Copy out exactly the stretch of the listing below that begins at the line containing "Bojová výprava 3." and ends at the line containing "Karta 1. Delstaterna", and copy nothing outside it.

### DATA TO PROCESS
****************************************

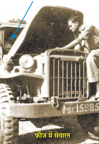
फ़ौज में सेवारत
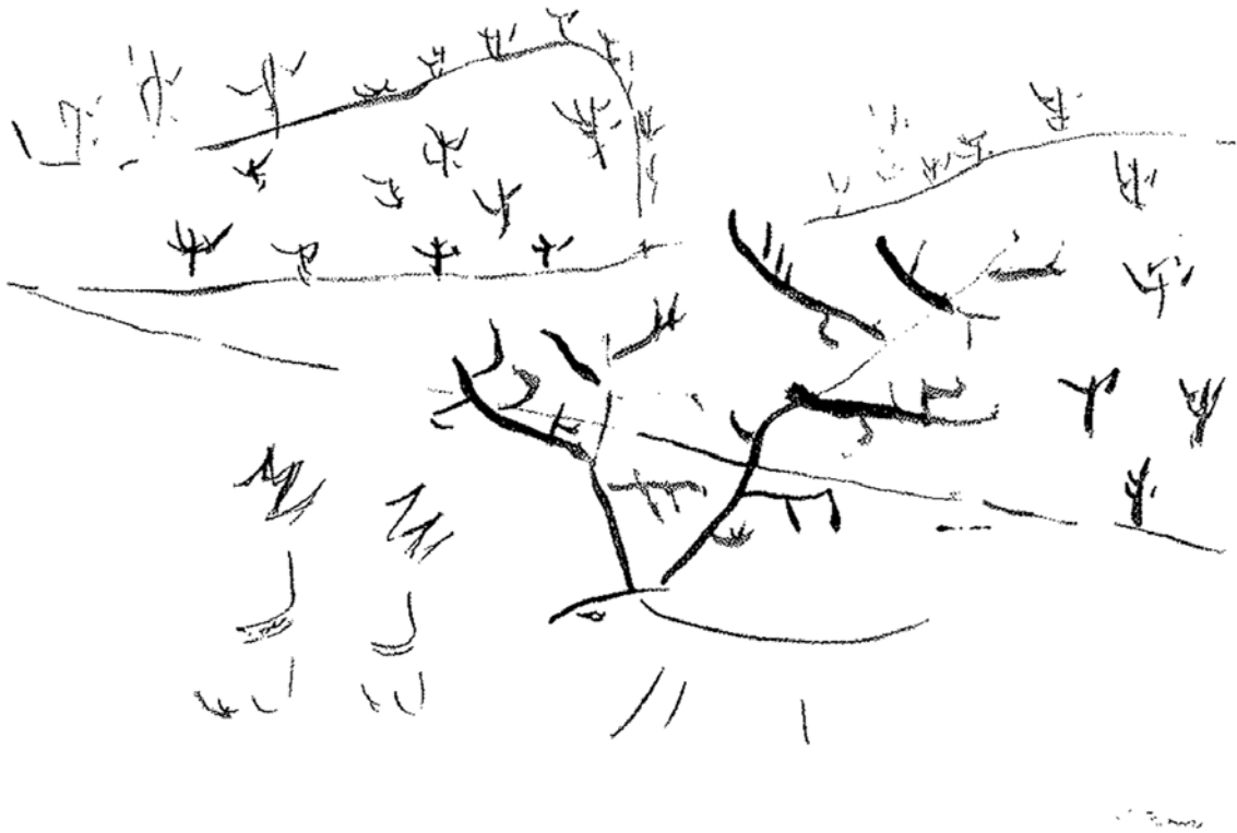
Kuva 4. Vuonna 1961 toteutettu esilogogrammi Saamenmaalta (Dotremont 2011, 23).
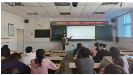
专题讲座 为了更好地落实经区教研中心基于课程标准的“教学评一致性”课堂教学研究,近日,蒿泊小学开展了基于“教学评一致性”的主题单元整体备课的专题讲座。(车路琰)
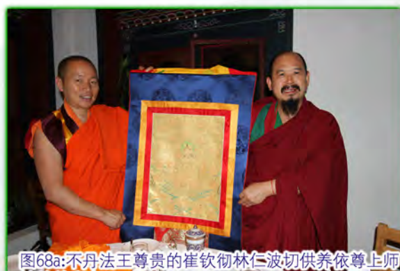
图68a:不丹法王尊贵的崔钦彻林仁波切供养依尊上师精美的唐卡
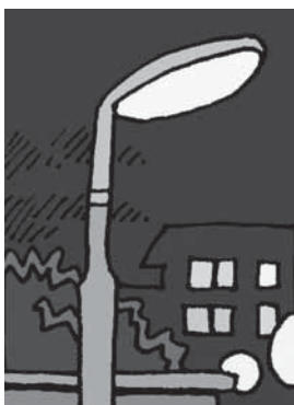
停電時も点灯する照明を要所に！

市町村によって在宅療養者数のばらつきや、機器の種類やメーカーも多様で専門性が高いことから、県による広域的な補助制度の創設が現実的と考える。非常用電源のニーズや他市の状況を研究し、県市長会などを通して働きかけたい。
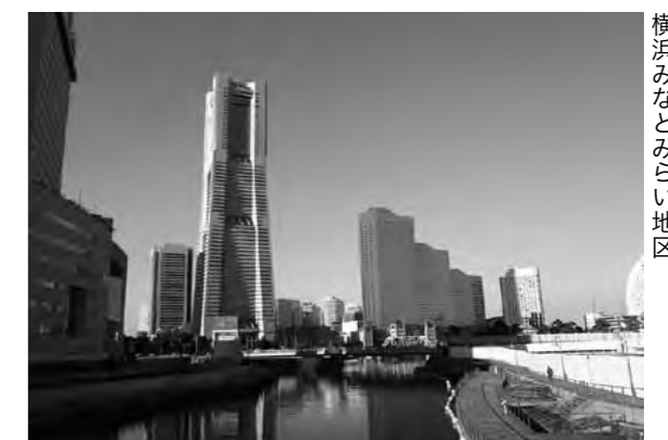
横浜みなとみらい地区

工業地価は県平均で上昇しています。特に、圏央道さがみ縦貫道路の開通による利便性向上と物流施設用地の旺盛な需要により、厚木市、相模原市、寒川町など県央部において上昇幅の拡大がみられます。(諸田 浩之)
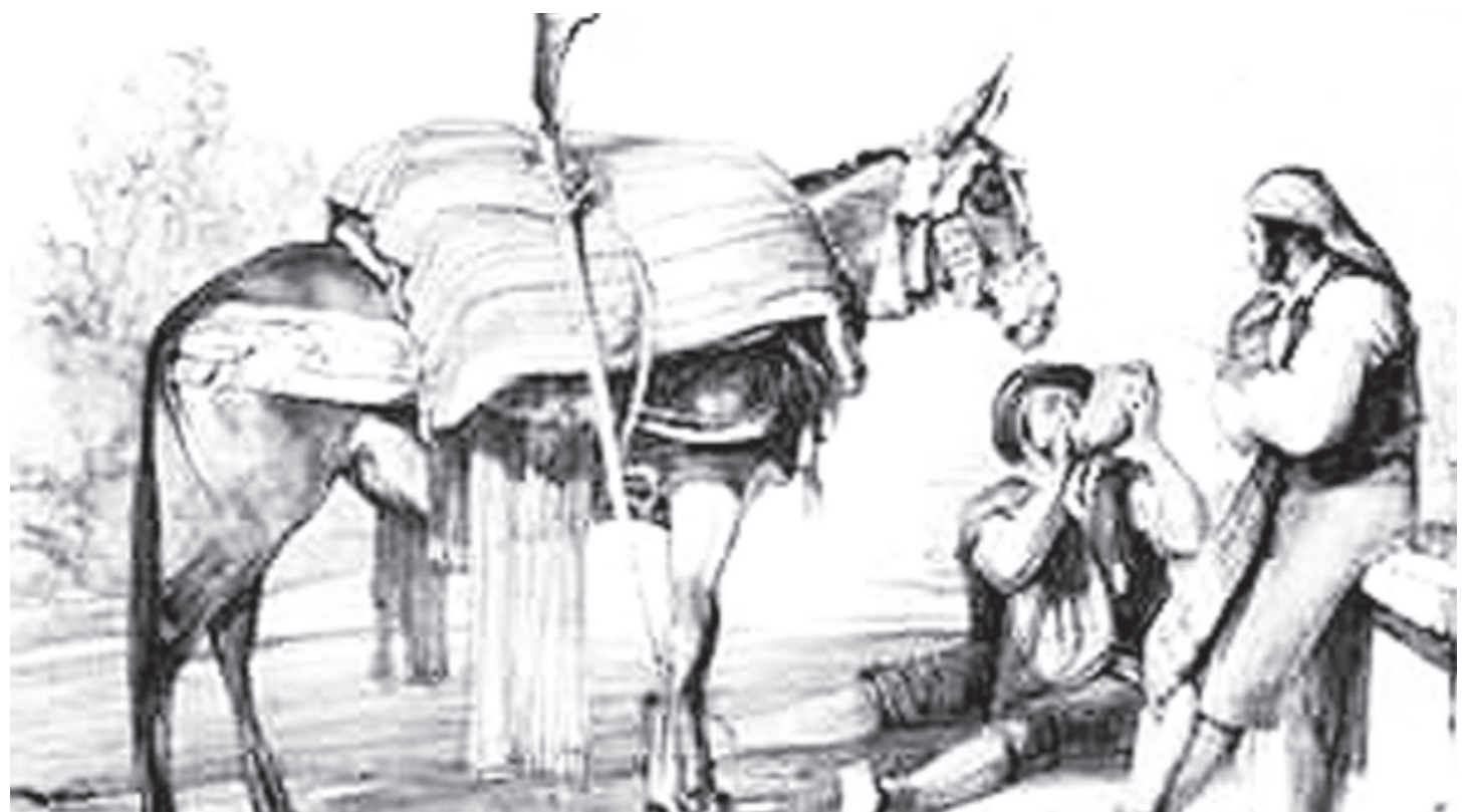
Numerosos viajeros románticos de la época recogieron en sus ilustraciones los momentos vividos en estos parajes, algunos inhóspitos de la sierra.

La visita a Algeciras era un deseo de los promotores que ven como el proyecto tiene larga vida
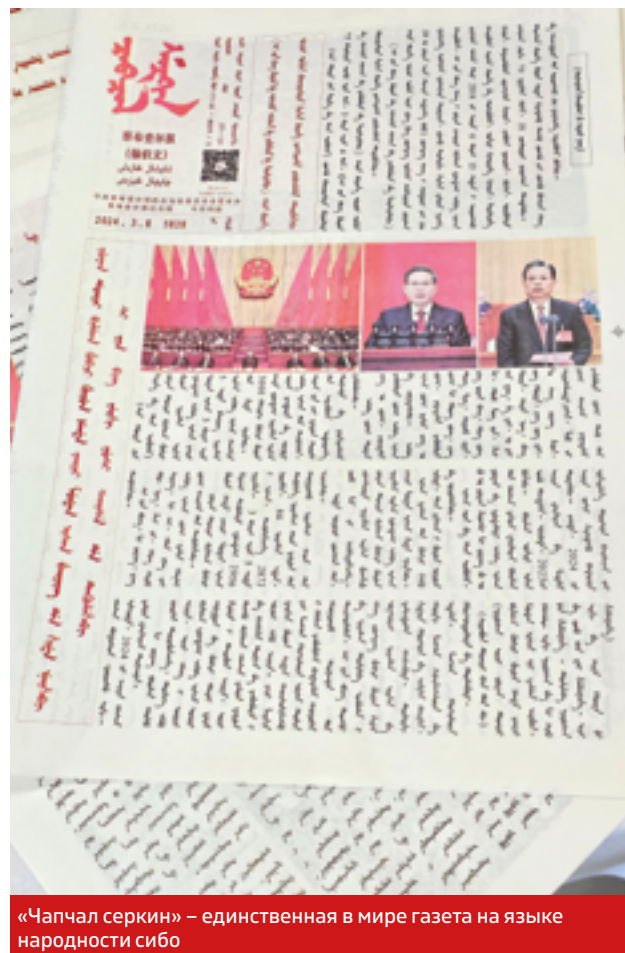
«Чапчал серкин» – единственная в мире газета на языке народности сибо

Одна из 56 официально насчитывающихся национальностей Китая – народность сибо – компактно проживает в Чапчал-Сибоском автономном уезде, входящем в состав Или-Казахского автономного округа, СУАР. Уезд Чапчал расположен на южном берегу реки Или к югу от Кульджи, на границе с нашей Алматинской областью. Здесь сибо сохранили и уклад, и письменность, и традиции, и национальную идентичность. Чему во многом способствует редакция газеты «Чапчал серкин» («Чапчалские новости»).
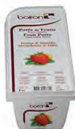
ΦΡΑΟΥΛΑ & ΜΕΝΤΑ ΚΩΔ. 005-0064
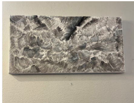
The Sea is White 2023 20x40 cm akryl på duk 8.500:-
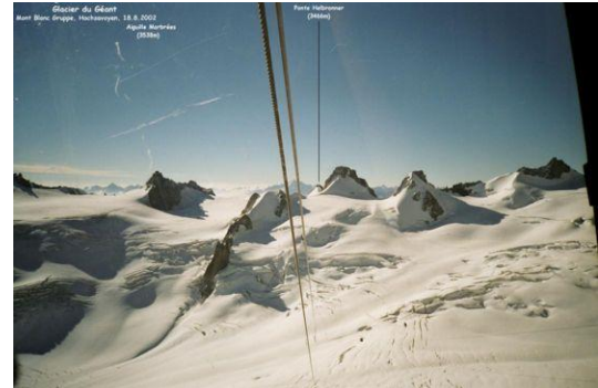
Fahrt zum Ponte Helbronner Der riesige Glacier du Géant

****************************************

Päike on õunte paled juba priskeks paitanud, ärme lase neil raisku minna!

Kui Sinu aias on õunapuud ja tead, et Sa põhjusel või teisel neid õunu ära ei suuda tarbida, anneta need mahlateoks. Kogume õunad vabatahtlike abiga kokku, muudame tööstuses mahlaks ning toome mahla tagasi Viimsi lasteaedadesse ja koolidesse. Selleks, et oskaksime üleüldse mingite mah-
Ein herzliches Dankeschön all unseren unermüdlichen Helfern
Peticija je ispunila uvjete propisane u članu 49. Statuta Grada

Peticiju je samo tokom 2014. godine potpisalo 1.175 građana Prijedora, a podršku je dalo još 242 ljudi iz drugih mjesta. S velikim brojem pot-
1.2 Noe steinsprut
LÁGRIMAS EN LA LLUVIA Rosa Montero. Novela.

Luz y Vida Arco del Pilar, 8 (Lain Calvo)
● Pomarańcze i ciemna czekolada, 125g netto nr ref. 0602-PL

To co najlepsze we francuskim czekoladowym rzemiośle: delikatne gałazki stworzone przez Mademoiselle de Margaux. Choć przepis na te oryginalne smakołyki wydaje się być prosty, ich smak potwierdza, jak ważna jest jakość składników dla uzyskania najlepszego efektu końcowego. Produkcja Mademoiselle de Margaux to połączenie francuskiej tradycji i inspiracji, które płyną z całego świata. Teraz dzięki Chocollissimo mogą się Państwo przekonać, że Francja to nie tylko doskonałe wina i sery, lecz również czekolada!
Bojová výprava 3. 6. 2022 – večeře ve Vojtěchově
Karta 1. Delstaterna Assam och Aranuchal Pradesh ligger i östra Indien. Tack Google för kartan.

****************************************

### SOLVED PROBLEM
Bojová výprava 3. 6. 2022 – večeře ve Vojtěchově
Karta 1. Delstaterna Assam och Aranuchal Pradesh ligger i östra Indien. Tack Google för kartan.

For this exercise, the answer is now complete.